Alle Rechte, einschließlich das des vollständigen oder

auszugsweisen Nachdrucks in jeglicher Form, sind vorbehalten.

Der Preis dieses Bandes versteht sich einschließlich

der gesetzlichen Mehrwertsteuer.

Alle handelnden Personen in dieser Ausgabe sind frei erfunden. Ähnlichkeiten mit lebenden oder verstorbenen Personen wären rein zufällig.

1. KAPITEL

Für Tyler Jacobs hätte diese heiße Landschaft im Südosten von Arizona genauso gut auf dem Mars liegen können. Er fühlte sich immer noch fremd hier, auch wenn er bereits über zwei Monate auf der “Double R Dude Ranch” nahe Tucson als Vormann arbeitete.

Seufzend ließ er den Blick über die Kreosotbüsche schweifen. Außer dieser Art von Pflanzen wuchs kaum etwas auf dieser Ebene, die sich bis zu den Dragoon-Bergen erstreckte. Die Regenzeit war noch nicht vorüber, und schon waren es beinahe vierzig Grad. Tyler schwitzte, nahm den Hut ab und fuhr sich mit dem Arm über die Stirn.

Was für ein Land! dachte er. In Texas, wo er herkam …

Texas! Er runzelte die Stirn. Vielleicht machte ihn gerade die Erinnerung daran so nervös und bedrückt.

Letzte Woche war er zur Hochzeit seiner Schwester in seine Heimatstadt Jacobsville geflogen. Shelby hatte sich nun doch entschlossen, Justin Ballenger zu heiraten, obwohl sie seinen Antrag vor Jahren einmal abgelehnt hatte. Tyler wunderte sich noch heute über den plötzlichen Sinneswandel seiner Schwester, und es war ihm während der Hochzeitsfeierlichkeiten auch nicht entgangen, dass das Brautpaar nicht gerade glücklich gewirkt hatte.

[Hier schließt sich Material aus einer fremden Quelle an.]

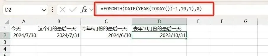 公式:=EOMONTH(DATE(YEAR(TODAY())-1, 10, 1), 0)公式解析:先用DATE函数构造出去年10月1日这个日期,再用EOMONTH求该月的最后一天。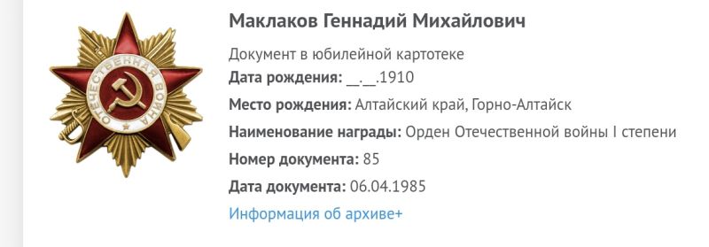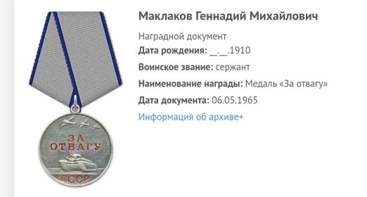 Маклаков Геннадий Михайлович, 1910 г. р. Место рождения Алтайский край, г. Горно-Алтайск. До войны жил в Красноярском крае, Богучанский район, д. Иркинеево. Призван Богучанским РВК в 1942 году. Сержант. Стрелок. В/ч 918 сп 250 сд. Тяжело ранен в декабре 1943 года. ЭГ 2100 ( по справочнику Солдат. ру дислокация г. Орел), 2828 (Горьковская область, Балахна). Награждён медалью За отвагу ( приказ от 6.05.1965), юбилейным орденом Отечественной войны 1 степени. К истории прилагается письмо брата, Маклакова Павла Петровича, 1906 г. р., пропавшего без вести в 1944 году.
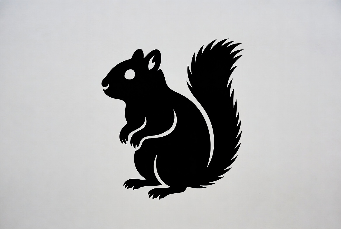 A black silhouette illustration of a squirrel stands on a plain gray background. The squirrel faces left with a bushy tail curved upward and detailed paws. It features a simple cutout style with white interior outlines.

“Aber das geht mich im Grunde nichts an”, murmelte Tyler jetzt vor sich hin und blickte zur Sonne hoch, die fast ihren höchsten Stand erreicht hatte. Schließlich war Shelby alt genug, um ihr eigenes Leben zu führen. Vielleicht würden sich die beiden mit der Zeit sehr gut verstehen.

Auf der Hochzeit hatte Tyler auch Abby mit Calhoun wiedergesehen. Erleichtert hatte Tyler festgestellt, dass seine Gefühle für sie abgeflaut waren. Eigentlich war er damals entschlossen gewesen, eine Familie zu gründen, und Abby war genau die Richtige für ihn. Aber dann hatte er seine Ranch verloren, und Abby hatte sich für einen anderen Mann entschieden.

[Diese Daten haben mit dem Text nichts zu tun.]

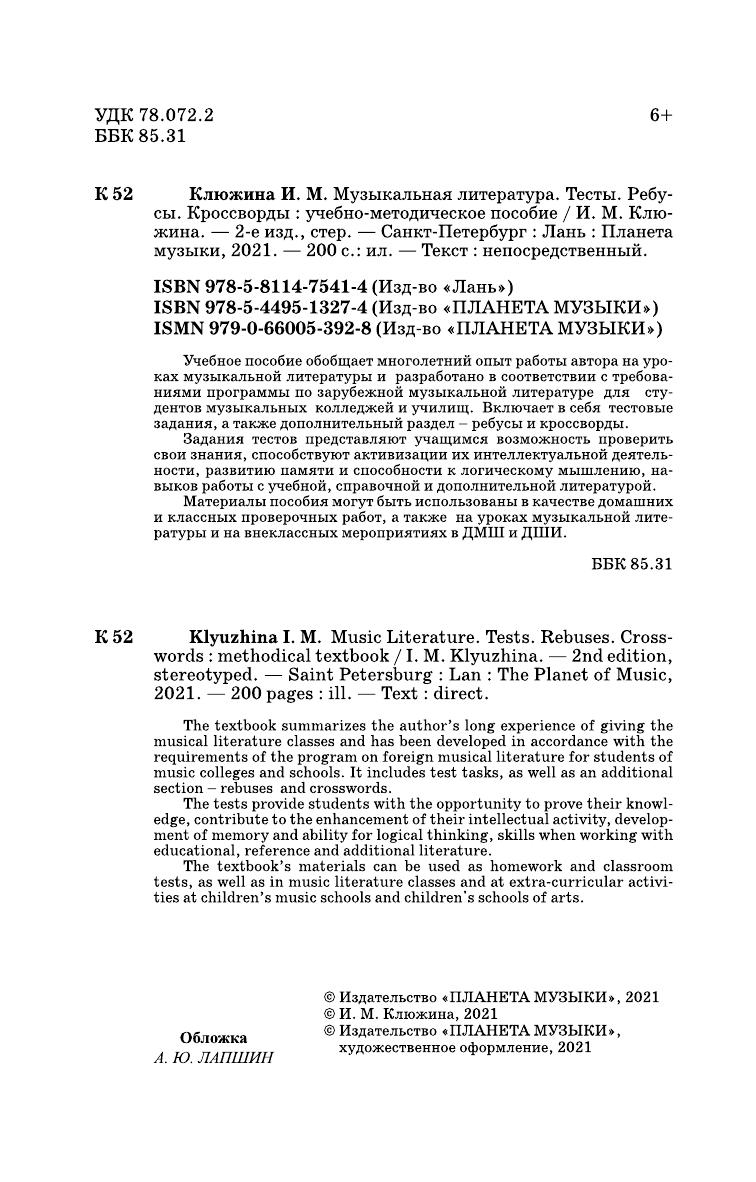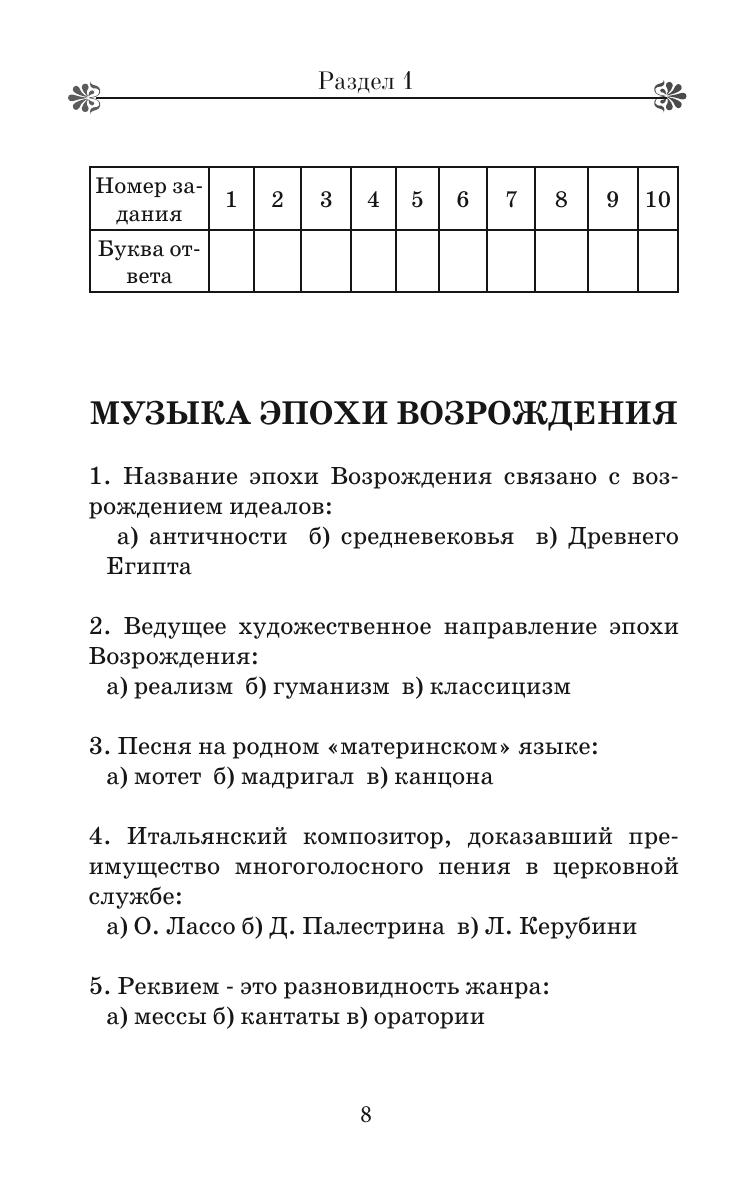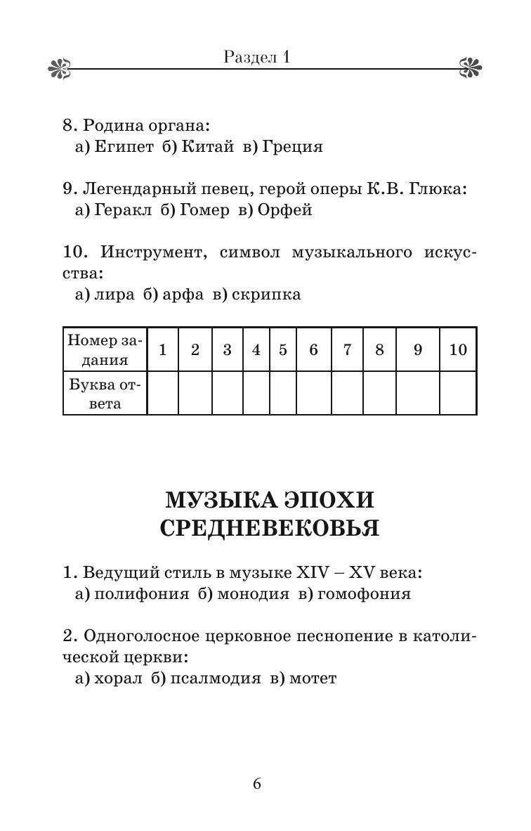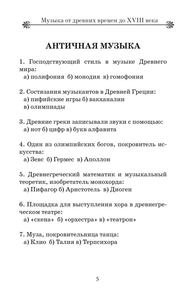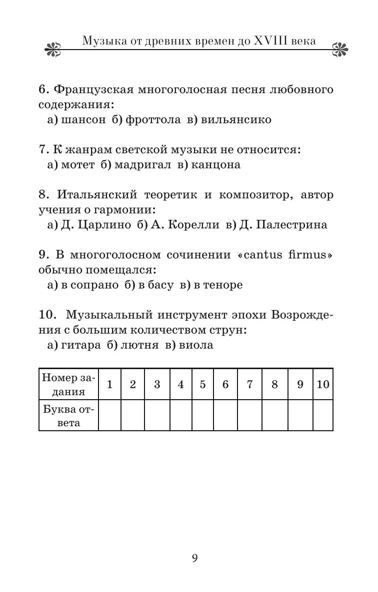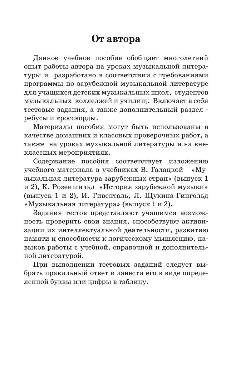 Учебное пособие обобщает многолетний опыт работы автора на уроках музыкальной литературы и разработано в соответствии с требованиями программы по зарубежной музыкальной литературе для студентов музыкальных колледжей и училищ. Включает в себя тестовые задания, а также дополнительный раздел — ребусы и кроссворды. Задания тестов представляют учащимся возможность проверить свои знания, способствуют активизации их интеллектуальной деятельности, развитию памяти и способности к логическому мышлению, навыков работы с учебной, справочной и дополнительной литературой. Материалы пособия могут быть использованы в качестве домашних и классных проверочных работ, а также на уроках музыкальной литературы и на внеклассных мероприятиях в ДМШ и ДШИ.

Sicher war es besser so. Im Moment kam für ihn die Beziehung zu einer Frau überhaupt nicht infrage. Und liebte er vielleicht mehr die Liebe als die Frauen, die ihm bisher so oberflächlich erschienen?

Tyler lächelte. Neuerdings war er sich dessen nicht mehr so sicher.

Nell Regan zum Beispiel, die Besitzerin der Double R Dude Ranch, machte es ihm nicht leicht. Mit ihrer merkwürdigen Scheu und ihrer Verwundbarkeit, die sie durch Burschikosität und Kratzbürstigkeit zu überspielen suchte …

An die Arbeit, dachte Tyler und richtete sich im Sattel auf. Er war hinausgeritten, um ein paar streunende Herefordkälber einzufangen. Aufmerksam sah er sich um. In dieser Umgebung war es nicht leicht, die Orientierung zu behalten. Ein Tal ähnelte dem anderen. Die Gebirgszüge schienen sich ins Unendliche auszudehnen. Es war genau das Richtige für einen Mann, der seine Freiheit brauchte.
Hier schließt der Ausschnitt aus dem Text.